Kuranes commented 4 years ago

Hi,

Wondering if you had tried or have experience around those 2 ideas:

prepass for big allocation upfront and avoid realloc? (parse line numbers of v/n/vt then allocate once and for all )
prepass for "simd token tricks" as in https://github.com/lemire/simdjson (blogpost https://branchfree.org/2019/02/25/paper-parsing-gigabytes-of-json-per-second/ paper https://arxiv.org/abs/1902.08318). Idea implemented for example in csv parsing https://github.com/geofflangdale/simdcsv

thisistherk commented 4 years ago

Not really. I'd assume two passes would slow it down - I think reading and parsing in a single pass is where most of the performance benefit comes from over other libs.
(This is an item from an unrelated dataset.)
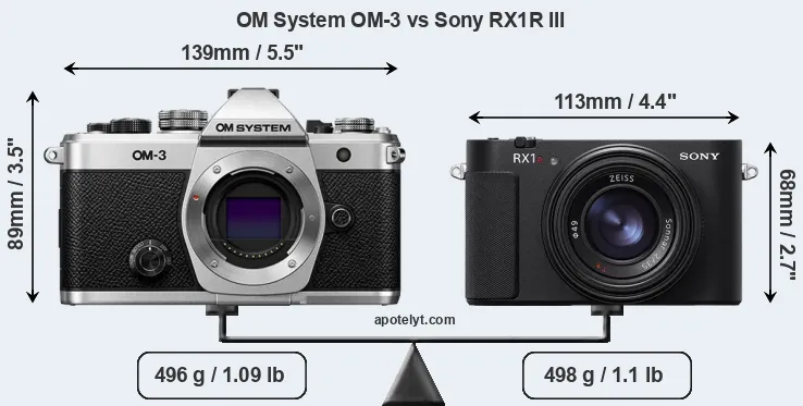Size OM System OM-3 vs Sony RX1R III

Last time I profiled it parsing of floats was the most time consuming bit of the code and I'm not really sure if there's any easy way of speeding that up (having said that, the simdjson code has a number parser in it that might be worth trying, although it looks fairly similar).
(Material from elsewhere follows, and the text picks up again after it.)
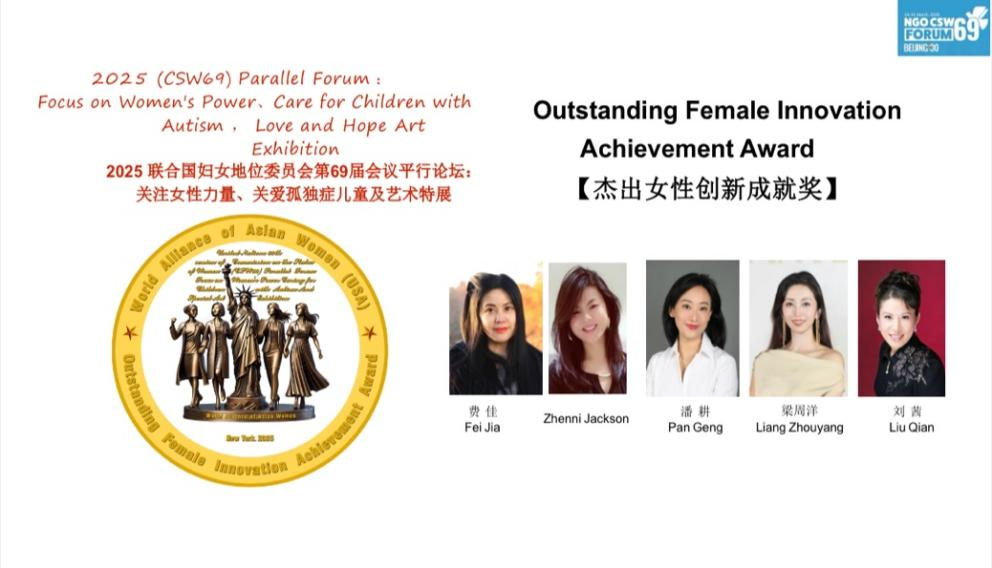 2025年聯合國婦女地位委員會第69屆會議(CSW69)于3月10日至3月21日在聯合國總部舉行。我校表演學部廣播電視編導(影視編創)專業教師潘耕受世界亞裔女性聯盟邀請,于紐約聯合國總部外交會議廳參加會議平行論壇:聚焦女性力量,關愛孤獨癥兒童及“愛與希望”藝術特展,并獲得“杰出女性創新成就獎”。

Did once have a crazy plan of attempting to multithread it at one point way back - one thread reads file into buffers, farms them off to workers to parse, then puts the results back together - just to see how fast I could get it to go, but that's (a) crazy, and (b) way too much for a simple single header lib :)

Kuranes commented 4 years ago

Indeed parse numbers are big in Vtune profile, didn't expect it was that much ! it's mostly float and int parsing, it makes senses.

I got big mem operation hotspots (as here "parse_face" hotspot is in fact mostly array_push ) in my profile that's why I though it could be interesting.

agree on multithread is more last resort, rarely fits in user code, and definitely hard API for a header lib

Thanks for the answer!

stgatilov commented 3 years ago

Most users won't like multithreading, since they have a bunch of models to load, and they can do much more efficient multithreading simply by distributing files across threads.

What is the target application that would really benefit from multithreaded reader? Loading single huge .obj file?

Kuranes commented 3 years ago

yes, huge .obj files,

Since Obj is so "easy to write", many scanners hardware/software output very huge obj as "raw source" (which are therefore often huge)

Fast_obj is already performing way better than all other libs, and indeed complexifying code base with MT might not be worth it.